» TO DO
Pictures excluded, output exactly the lines from the one containing "TE Part # T2030722201-000 HDD-072-F" through the last line of the listing below.

──────────

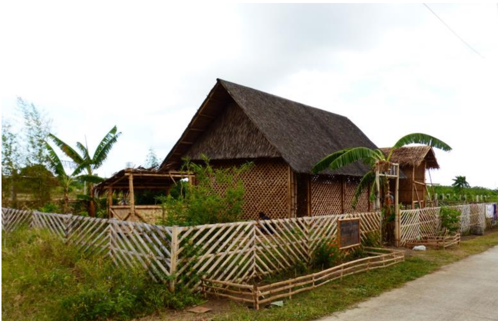
The landscape of the Training Room prototype is changing everyday. It is becoming a real showcase of the LP4Y Youth's talents !

The Youth of Green Garden and Eco-construction have continued this month their successful collaboration on building the dry toilets prototype. The absence of Green Garden team during one week to attend a seminar about organic farming slowed down a bit the rythm but it is going on the last steps. The construction of the human waste area below the building is beginning.
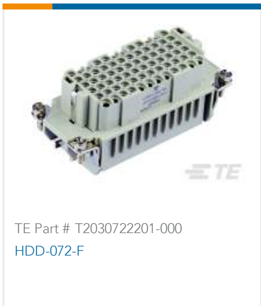
TE Part # T2030722201-000 HDD-072-F
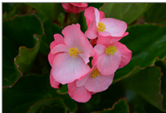
Megawatt Pink Green Leaf Begonia flowers
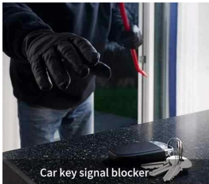
Car key signal blocker
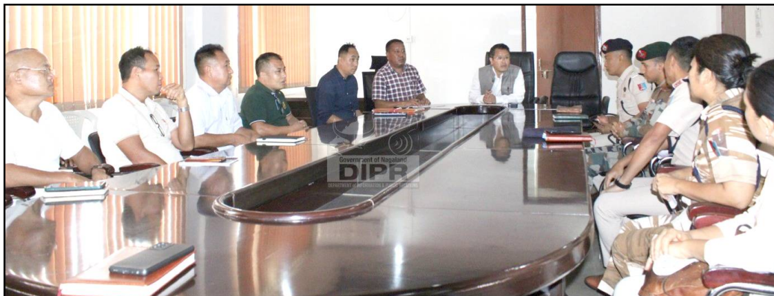
Chümoukedima nung Independence Day anogomung atema August 5, 2024 nü senden amendang tangokba noksa nung angur.

Dimapur, Luroi/August 05 (TYO): Tan ita Independence Day amungtsü aliba dak sendakba nung senden ka Deputy Commissioner, Chümoukedima indang Conference Hall nung August 5, 2024 nü senden ka mena liasü.

──────────

» OUTPUT
TE Part # T2030722201-000 HDD-072-F
Megawatt Pink Green Leaf Begonia flowers
Car key signal blocker
Chümoukedima nung Independence Day anogomung atema August 5, 2024 nü senden amendang tangokba noksa nung angur.

Dimapur, Luroi/August 05 (TYO): Tan ita Independence Day amungtsü aliba dak sendakba nung senden ka Deputy Commissioner, Chümoukedima indang Conference Hall nung August 5, 2024 nü senden ka mena liasü.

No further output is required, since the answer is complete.